Reinforced concrete sewer pipes can last for as long as 100 years or more. It is no wonder most municipalities and contactors are starting to appreciate them more.

As you would expect, concrete sewer pipes are bulky, tricky to cut and install for the average homeowner and you will therefore need to work with a professional to install them.

On the bright side, reinforced concrete sewer pipes are affordable and have a high strength. They therefore last long with fewer problems.

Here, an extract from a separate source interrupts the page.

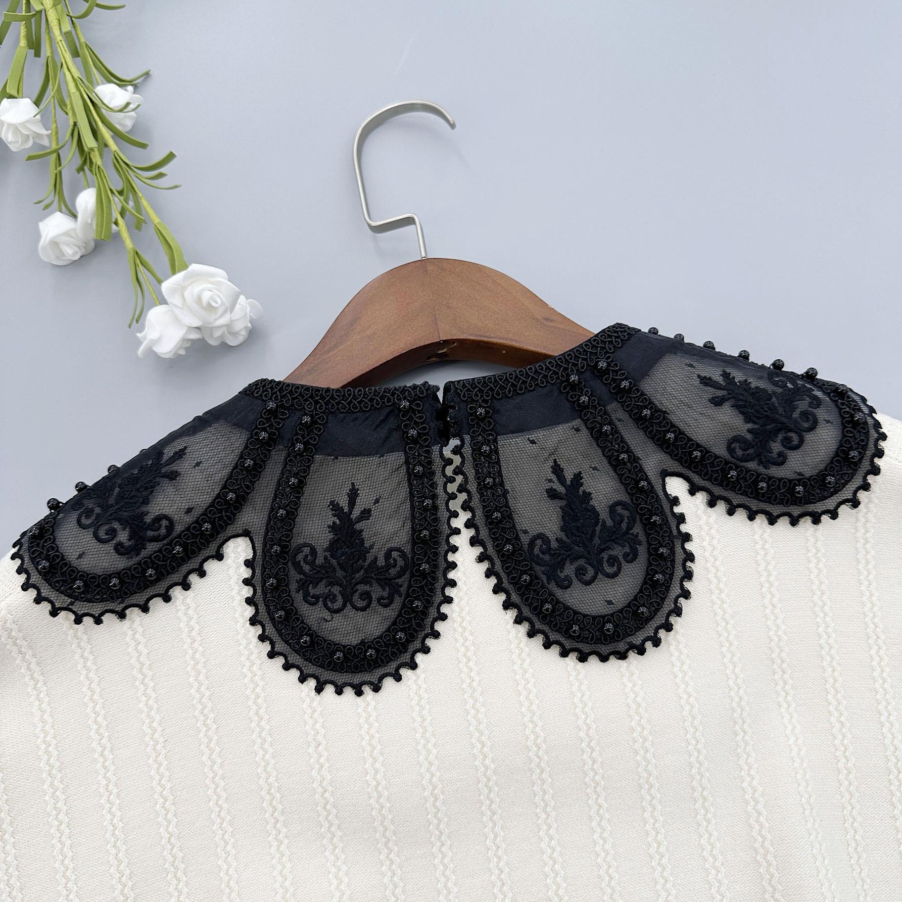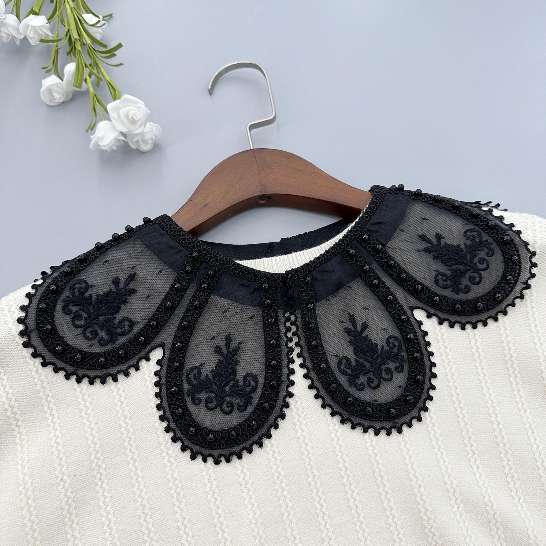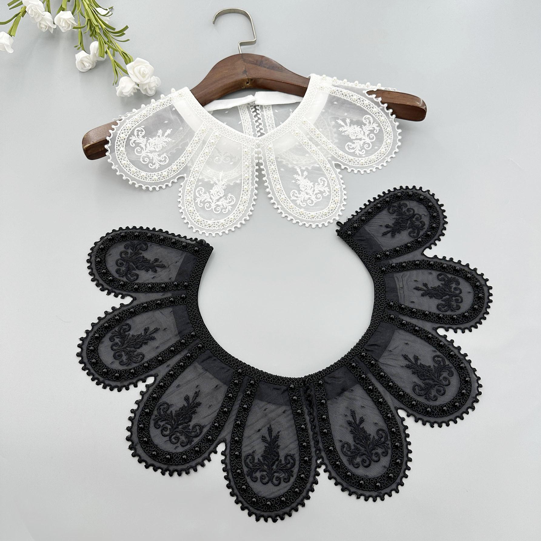 Fabricante Especializado en la Producción de Ropa Versátil y a la Moda Cuello Redondo Pétalo Encaje Bordado Pedrería Industria Pesada Cuello Falso

5. PVC and ABS Sewer Pipes

If you are considering replacing your sewer line, these are the pipes you want to consider. PVC (polyvinyl chloride) and ABS (acrylonitrile butadiene styrene) have many advantages and few disadvantages.

The main difference between PVC and ABS is that PVC is white and is very flexible while ABS is black and stronger and will therefore withstand a higher shock.

Whichever pipe you pick among the 2 for use a sewer pipe it will serve you very well. Just remember that the 2 use different adhesives to connect 2 pipes together.

The main advantage of PVC and ABS sewer pipes compared to other pipes is their longevity. Plastic pipes as you know are corrosion-resistant and impervious and will therefore not be affected by water in any way.

Unlike cast iron, clay and Orangeburg pipes which are infiltrated by roots, roots will not access the inside of a plastic pipes. This means your sewer line will not crack and most importantly will not clog regularly.

It is important to mention that plastic sewer pipes are so smooth which enhances the flow of wastewater from the house and out to the public sewer line or septic tank. Again, this means fewer clogs and backups.

Another advantage of plastic sewer pipes is their cost. They are the cheapest sewer line pipes which is good for your bottom line.

Installation-wise, plastic pipes are very easy and fast to install. They are easy to cut and are lightweight which also imparts the overall cost of sewer line replacement. This makes it a favorite for DIY enthusiasts.

PVC and ABS sewer pipes are also very versatile. You can use them alone or in combination with other pipes like cast iron or clay sewer pipes.


And that is it in as far as sewer pipe types and materials are concerned. I would however like to mention that sewer line repairs and replacement is a job best left to professionals.

The cost to fix sewer lines is quite high but DIYs can make problems worse that they were in the beginning and that is why you need to work with the pros. Plumbers also know all the plumbing codes and the last thing you want to do is go contrary to your area’s building codes.